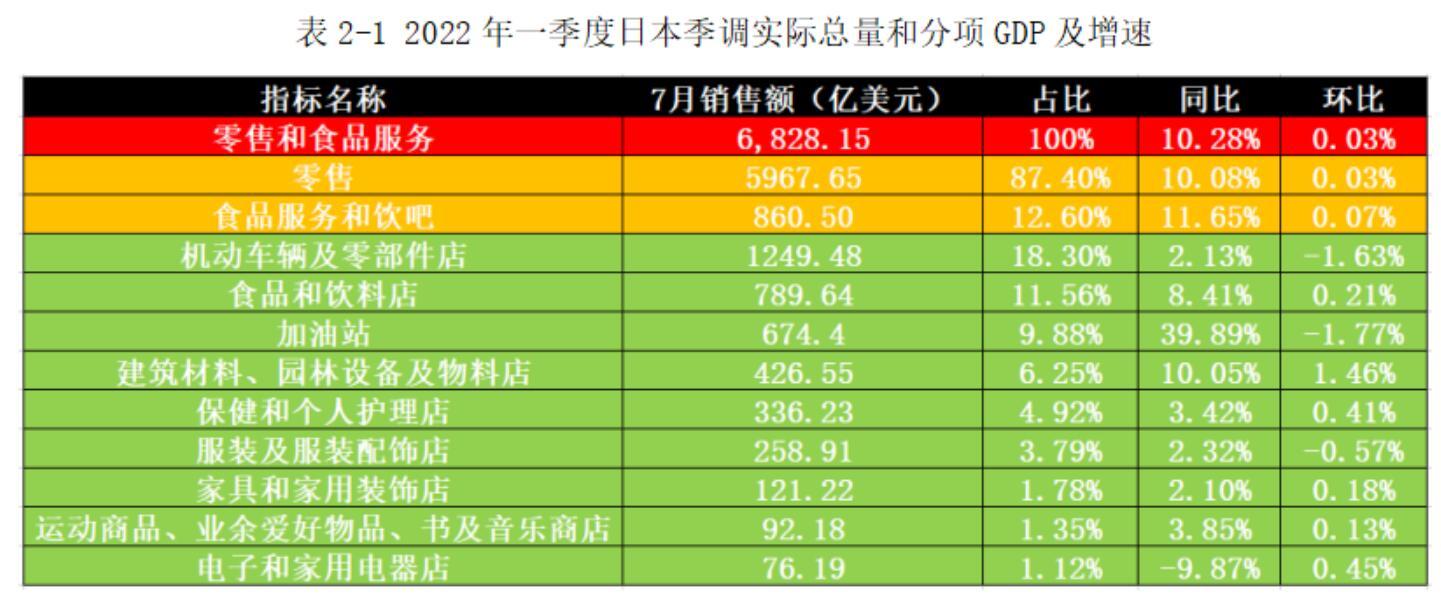 从两大分项来看,零售板块录得5967.65亿美元,占比达到87.4%;食品饮料和服务板块消费录得860.5亿美元,占比为12.6%。相较而言,“食品饮料和服务”消费的边际增速快于“零售”消费。前者7月的同比和环比增速分别录得10.08%和0.03%,后者分别录得11.65%和0.07%。
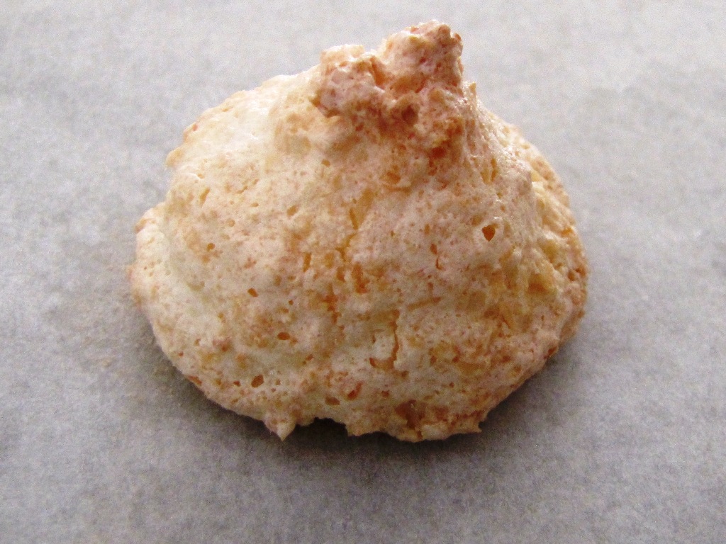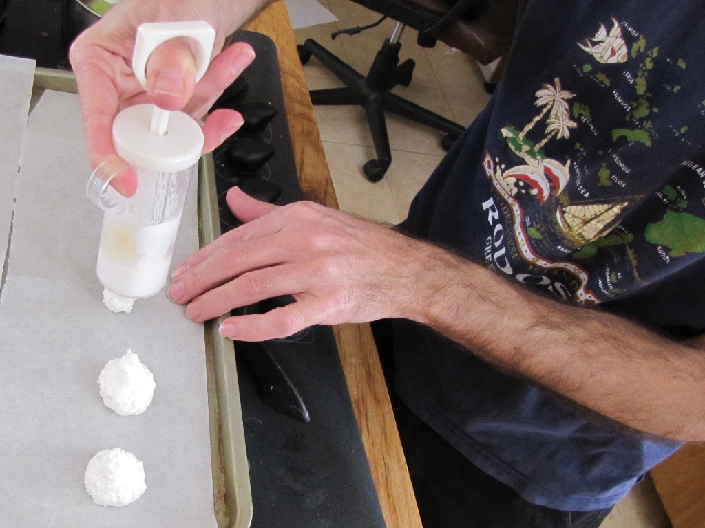 4. להניח בערך כפית גדושה על תבנית משומנת היטב ולאפות 12-15 דקות בתנור שחומם מראש ל-150 מעלות (אם יש שקית זילוף או מזרק עוגיות בעלת פיית כוכב גדולה – עוד יותר טוב)
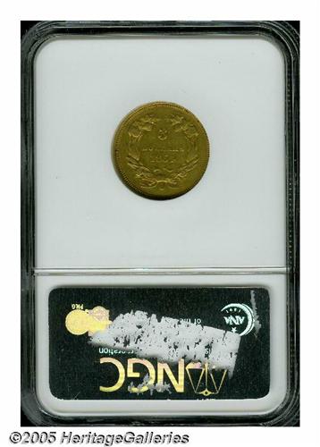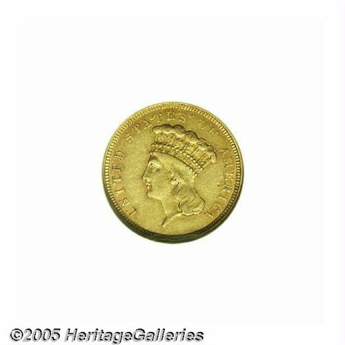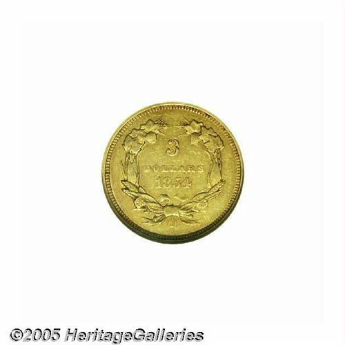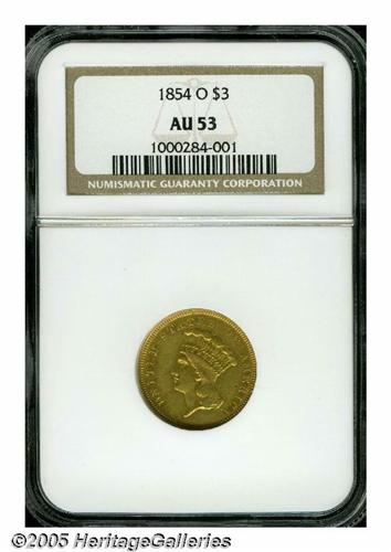 <B>1854-O<$3> AU53 NGC.</B></I> A scarce date with a mintage of only 24,000 pieces. This specimen displays bright orange patina in the recessed areas, and greenish-gold hues in the fields. With the exception of the bow ribbons, the design elements are of above average strike for the issue. A few minute marks occur on each side, but none are offensive. Very few issues of this denomination were produced at the branch mints, and this 1854 is the only date of the denomination struck in New Orleans. This is an important consideration for the collector of New Orleans Mint type coins.
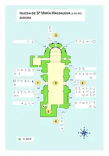 La iglesia de Santa María Magdalena es un templo románico ubicado en la ciudad de Zamora (España).[2] Al eje principal del templo, corre paralela una cercana calle medieval denominada Rúa de los Francos. Su construcción se hizo entre los siglos XII y XIII.[3] La iglesia parece haberse edificado en dos periodos: el primero de influencia románica; el segundo en el gótico. Se sabe que en periodos medievales hizo de hospital perteneciente a la Orden de San Juan. Es de las pocas iglesias zamoranas que poseen una única nave muy elevada con planta rectangular (planta basilical). Destaca de esta iglesia la portada de su fachada meridional. Fue declarada Monumento Nacional en 1910.[4]
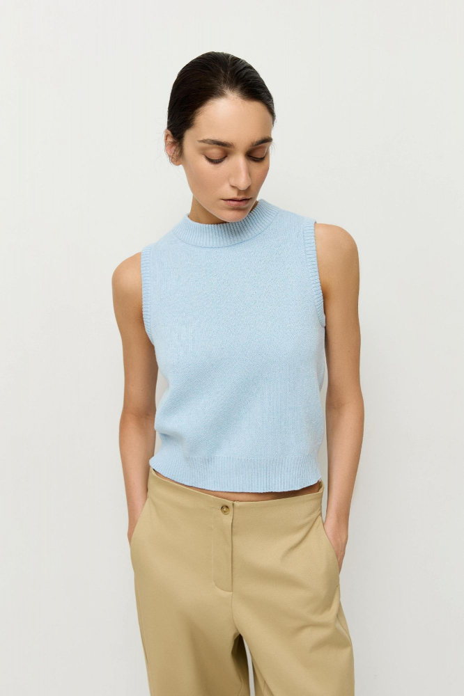 Жилет-майка связан из легкого и комфортного к коже хлопка.
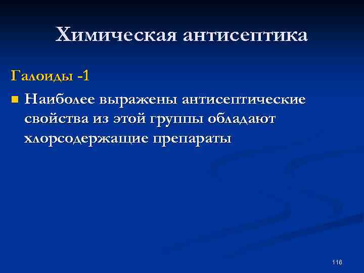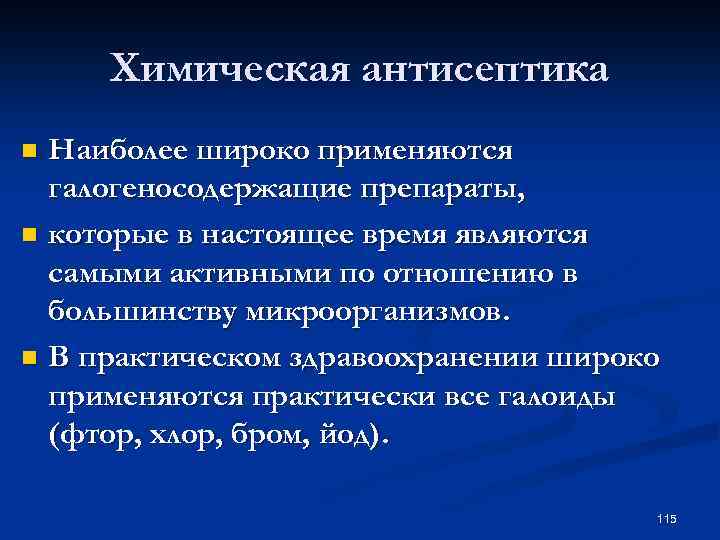 Химическая антисептика Наиболее широко применяются галогеносодержащие препараты, n которые в настоящее время являются самыми активными по отношению в большинству микроорганизмов. n В практическом здравоохранении широко применяются практически все галоиды (фтор, хлор, бром, йод). n 115
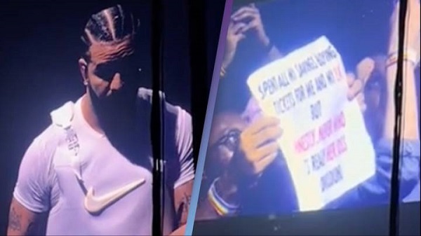 As Drake was performing, he noticed a fan in the crowd holding up a sign that caught his attention.
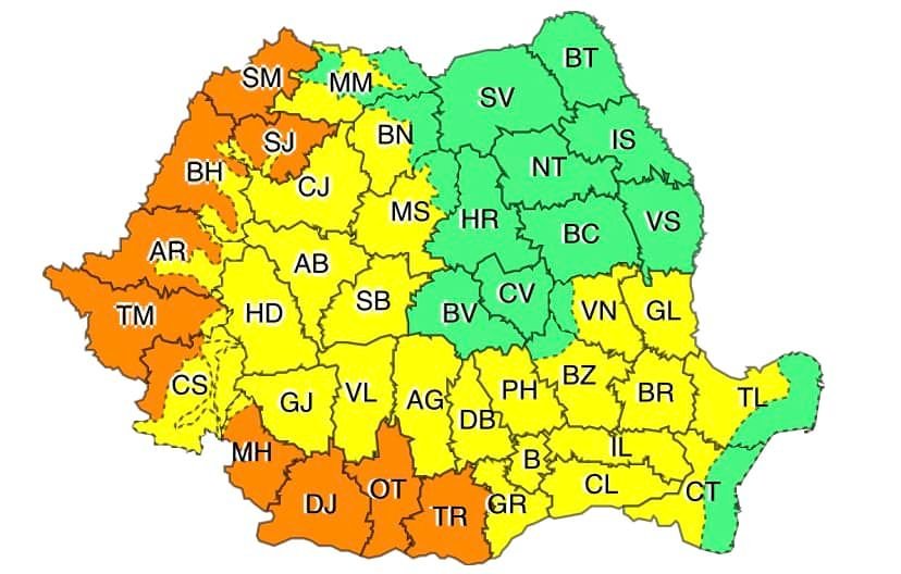 Potrivit unei avertizări a Administraţiei Naţionale de Meteorologie şi Hidrologie (ANMH), pe parcursul zilelor de vineri și sâmbătă (22 și 23 iulie) în Banat, Crișana, sudul Olteniei, sud-vestul Munteniei, nord-vestul Transilvaniei și în vestul Maramureșului valul de căldură se va intensifica. În general după-amiaza se vor înregistra valori termice de 38…40 de grade, iar noaptea nu vor coborî sub 20…22 de grade și prin urmare disconfortul termic va fi accentuat. Indicele temperatură-umezeală (ITU) va depăși pragul critic de 80 de unități.
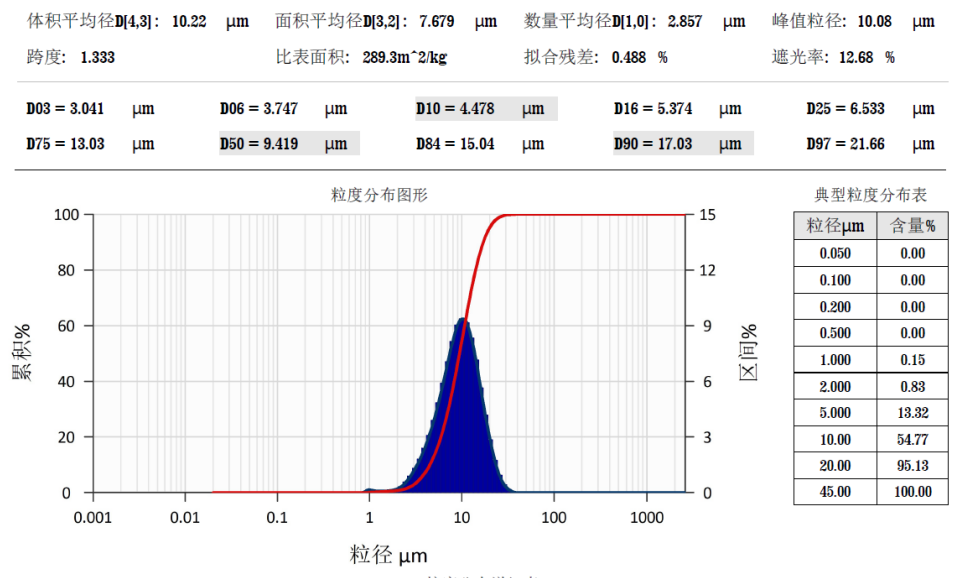 粒度 D50 ≤10um
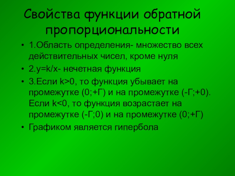 1. Если х=0, то у=0. График функции проходит через начало координат.
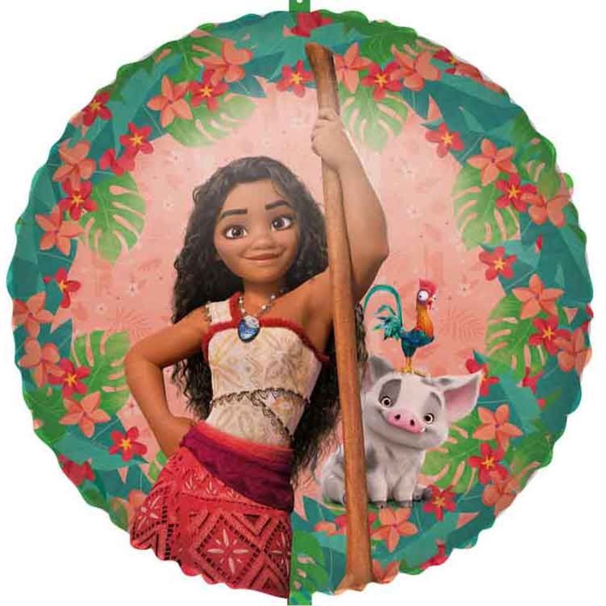 Vaiana Folie ballon welke gemaakt is van dun alu folie en heeft een afbeelding met Vaiana, Heihei en Pua.

> [Prompt] Copy only the lines above from the one containing "4. להניח בערך" through the one containing "<B>1854-O<$3> AU53 NGC.</B></I>", both included. Leave out the pictures.

> [Response to the exercise]
 4. להניח בערך כפית גדושה על תבנית משומנת היטב ולאפות 12-15 דקות בתנור שחומם מראש ל-150 מעלות (אם יש שקית זילוף או מזרק עוגיות בעלת פיית כוכב גדולה – עוד יותר טוב)
 <B>1854-O<$3> AU53 NGC.</B></I> A scarce date with a mintage of only 24,000 pieces. This specimen displays bright orange patina in the recessed areas, and greenish-gold hues in the fields. With the exception of the bow ribbons, the design elements are of above average strike for the issue. A few minute marks occur on each side, but none are offensive. Very few issues of this denomination were produced at the branch mints, and this 1854 is the only date of the denomination struck in New Orleans. This is an important consideration for the collector of New Orleans Mint type coins.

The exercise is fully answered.